**Instructions to follow:** Without including any picture, write out the entries exactly as they stand.

**Supplied records:**
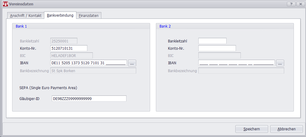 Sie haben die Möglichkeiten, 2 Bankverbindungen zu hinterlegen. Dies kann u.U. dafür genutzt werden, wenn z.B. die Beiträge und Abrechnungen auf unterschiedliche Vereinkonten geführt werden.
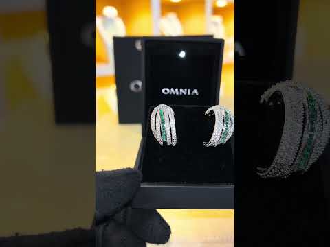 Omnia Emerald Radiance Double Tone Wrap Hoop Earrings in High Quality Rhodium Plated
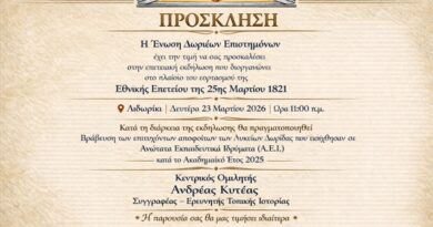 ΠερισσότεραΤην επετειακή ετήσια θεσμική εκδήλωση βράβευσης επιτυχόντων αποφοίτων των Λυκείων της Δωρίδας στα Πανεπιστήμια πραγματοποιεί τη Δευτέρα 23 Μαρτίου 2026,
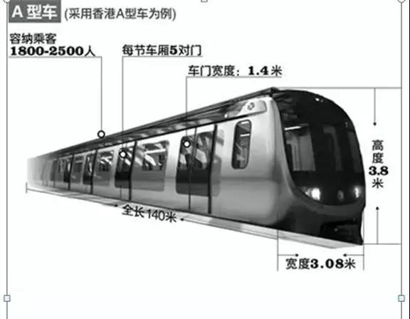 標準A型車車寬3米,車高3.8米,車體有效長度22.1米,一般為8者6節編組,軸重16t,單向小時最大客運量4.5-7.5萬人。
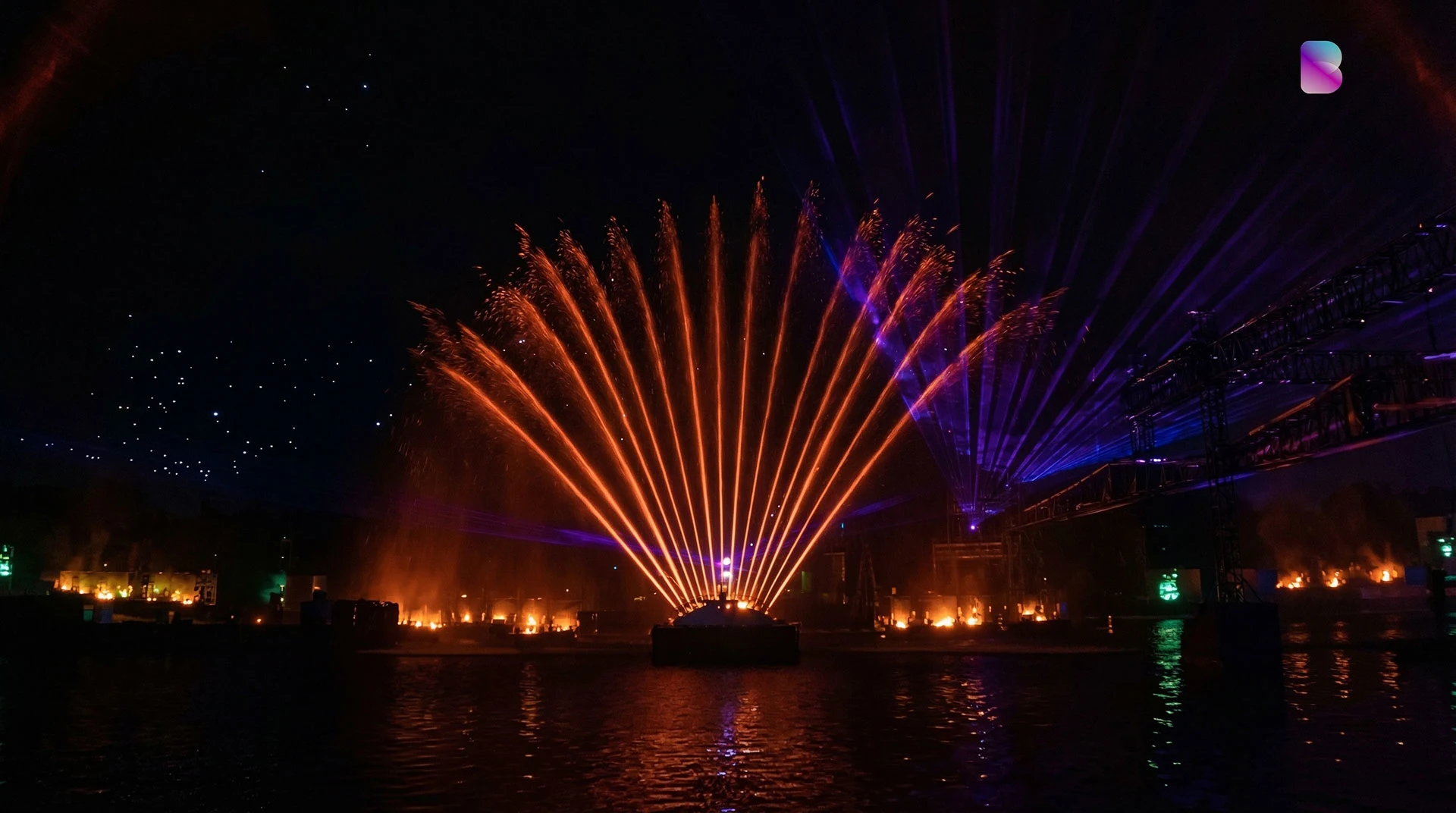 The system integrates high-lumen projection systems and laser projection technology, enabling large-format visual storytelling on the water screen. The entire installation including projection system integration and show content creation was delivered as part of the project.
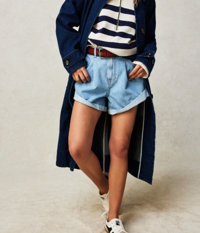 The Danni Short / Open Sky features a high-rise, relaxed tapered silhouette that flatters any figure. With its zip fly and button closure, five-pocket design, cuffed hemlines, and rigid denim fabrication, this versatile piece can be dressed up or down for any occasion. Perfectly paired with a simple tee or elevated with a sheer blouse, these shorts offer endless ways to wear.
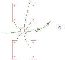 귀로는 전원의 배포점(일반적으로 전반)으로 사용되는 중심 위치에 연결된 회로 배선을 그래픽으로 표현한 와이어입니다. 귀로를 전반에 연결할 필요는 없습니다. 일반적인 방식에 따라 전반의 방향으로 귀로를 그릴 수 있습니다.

**Answer to this problem:**
 Sie haben die Möglichkeiten, 2 Bankverbindungen zu hinterlegen. Dies kann u.U. dafür genutzt werden, wenn z.B. die Beiträge und Abrechnungen auf unterschiedliche Vereinkonten geführt werden.
 Omnia Emerald Radiance Double Tone Wrap Hoop Earrings in High Quality Rhodium Plated
 ΠερισσότεραΤην επετειακή ετήσια θεσμική εκδήλωση βράβευσης επιτυχόντων αποφοίτων των Λυκείων της Δωρίδας στα Πανεπιστήμια πραγματοποιεί τη Δευτέρα 23 Μαρτίου 2026,
 標準A型車車寬3米,車高3.8米,車體有效長度22.1米,一般為8者6節編組,軸重16t,單向小時最大客運量4.5-7.5萬人。
 The system integrates high-lumen projection systems and laser projection technology, enabling large-format visual storytelling on the water screen. The entire installation including projection system integration and show content creation was delivered as part of the project.
 The Danni Short / Open Sky features a high-rise, relaxed tapered silhouette that flatters any figure. With its zip fly and button closure, five-pocket design, cuffed hemlines, and rigid denim fabrication, this versatile piece can be dressed up or down for any occasion. Perfectly paired with a simple tee or elevated with a sheer blouse, these shorts offer endless ways to wear.
 귀로는 전원의 배포점(일반적으로 전반)으로 사용되는 중심 위치에 연결된 회로 배선을 그래픽으로 표현한 와이어입니다. 귀로를 전반에 연결할 필요는 없습니다. 일반적인 방식에 따라 전반의 방향으로 귀로를 그릴 수 있습니다.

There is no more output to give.